Except to the extent required by the federal securities laws, the Company undertakes no obligation to publicly update or revise any forward-looking statements, whether as a result of new information, future events or otherwise.

Non-GAAP Financial Measures

This press release contains financial measures not prepared in accordance with generally accepted accounting principles (referred to as Non-GAAP), specifically Adjusted EBITDA, Adjusted EBITDA Margin, Free Cash Flow and Debt Leverage Ratio. Adjusted EBITDA is defined as net earnings (loss) attributable to Quad/Graphics common shareholders plus interest expense, income tax expense (if applicable), depreciation and amortization, restructuring, impairment and transaction-related charges, non-cash goodwill impairment charges, and loss on debt extinguishment, and less income tax benefit (if applicable).
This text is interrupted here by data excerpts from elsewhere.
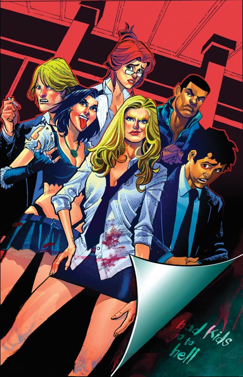 I tell ya what, the writers who wrote this book have a real knack for awesome midnight black wit teenage dialogue. The dialogue in it is very sharp and engaging with some very outrageous remarks from these "Bad Kids" as well. Number 1: This is what made me love BKGtH. It was the writing. Kudos to the writers.
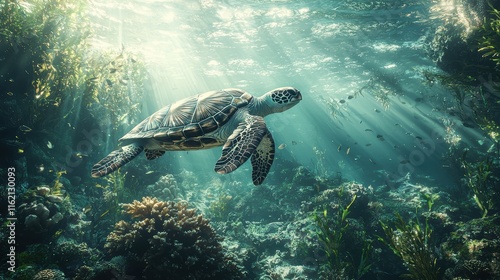 Fototapeta premium Majestic Sea Turtle Gracefully Swimming Through Sunlit Coral Reef
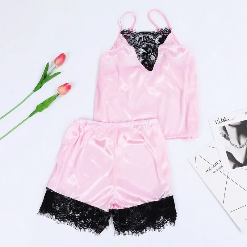 Сексуальные женские кружевные пижамные комплекты, 2020, без рукавов, на бретельках, пижамы, 2 шт., с отделкой, Атласный топ на бретельках, ночное белье, ночные рубашки, нижнее белье, пижама Mujer
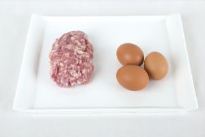 装盘:将蛋白液均匀地淋在肉糜上,再将蛋黄放在最上面。
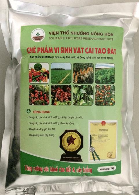 Chế phẩm vi sinh vật cải tạo đất có thành phần chứa vi sinh vật có khả năng cố định nitơ, phân giải phốt phát khó tan, hòa tan kali và sinh chất giữ ẩm polysaccarit. Tác dụng của chế phẩm này là cung cấp các chất dinh dưỡng, cải tạo độ phì của đất, tăng khả năng giữ ẩm đất, giúp tiết kiệm 10-15% phân đạm urê, lân, kali. Điều đặc biệt là chế phẩm vi sinh vật cải tạo đất này không gây ảnh hưởng tiêu cực đến sức khỏe con người, vật nuôi, cây trồng như thuốc bảo vệ thực vật từ hóa chất. Ngược lại còn góp phần cân bằng hệ sinh thái trong môi trường đất, tăng độ phì nhiêu của đất. Khi sử dụng chế phẩm này, cây trồng hấp thu chất dinh dưỡng dễ dàng hơn, giúp tăng năng suất và chất lượng nông sản.
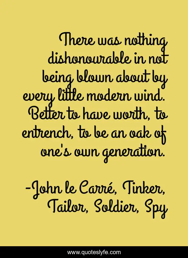 This page presents the quote "There was nothing dishonourable in not being blown about by every little modern wind. Better to have worth, to entrench, to be an oak of one's own generation.". Author of this quote is John le Carré, Tinker, Tailor, Soldier, Spy. .
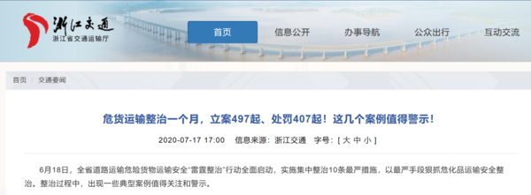 除了这次综合整治行动,浙江省还将制订危化品运输管理办法;加快建设完善“大数据+网格化+全链条”的危化品运输数字化监管平台,争取在7月底前完成建设方案,9月份实现平台提升版的初步上线。(资料来源:浙江省交通运输厅)
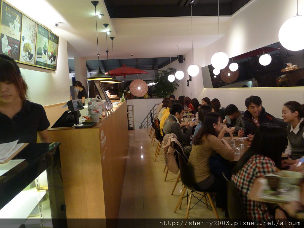 今天的運氣不錯,剛好一大批人陸續吃完離開,我們只等了十幾分鐘就可以入座了,果然,座位被安排在樓下。
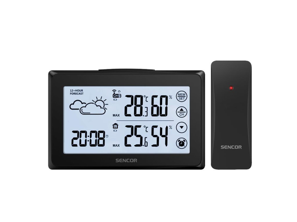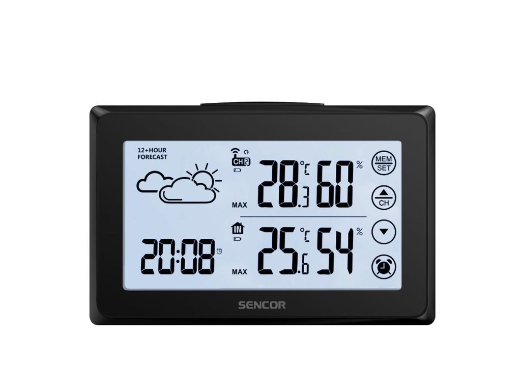 Meteorologická stanice s bezdrátovým snímačem,,Ikona předpovědi počasí ( slunečno, mírně oblačno, oblačno, déšť, sníh ),Vnitřní měření teploty a vlhkosti,Venkovní měření teploty a vlhkosti,Max. / Min. záznamy v paměti,Rozsah měření vnitřní teploty: 0°C až +50°C,Rozsah měření venkovní teploty: -20°C až +60°C,Rozsah měření vlhkosti 20% až 95% RV,Zobrazení stupnice teploty °C / °F,Digitální čas a datum,12 / 24 hodinový formát,Funkce opakovaného buzení,Dotyková tlačítka na obrazovce,LCD displej s krátkodobým bílým podsvícením,3 úrovně jasu displeje: Vysoká / Nízká / Vypnuto,Indikátor vybité bateri

Adjusted EBITDA Margin is defined as Adjusted EBITDA divided by net sales. Free Cash Flow is defined as net cash provided by operating activities less purchases of property, plant and equipment. Debt Leverage Ratio is defined as total debt and capital lease obligations divided by the last twelve months of Adjusted EBITDA. These measures are presented to provide additional information regarding Quad/Graphics’ performance and because they are important measures by which Quad/Graphics assesses the profitability and liquidity of its business. These measures should not be considered alternatives to net earnings (loss) as a measure of operating performance or to cash flows provided by operating activities as a measure of liquidity.

About Quad/Graphics

Quad/Graphics (NYSE: QUAD), a leading global provider of print and media solutions, is redefining print in today’s multichannel media world by helping marketers and publishers capitalize on print’s ability to complement and connect with other media channels. With consultative ideas, worldwide capabilities, leading-edge technology and single-source simplicity, Quad/Graphics has the resources and knowledge to help a wide variety of clients in distinct vertical industries, including but not limited to retail, publishing, insurance, financial and healthcare. The Company helps clients perform better in today’s rapidly changing world through innovative solutions that improve efficiencies, reduce costs, lift response and increase revenue. Quad/Graphics provides a diverse range of print and related products, services and solutions from multiple locations throughout North America, Latin America and Europe, and strategic partnerships in Asia and other parts of the world.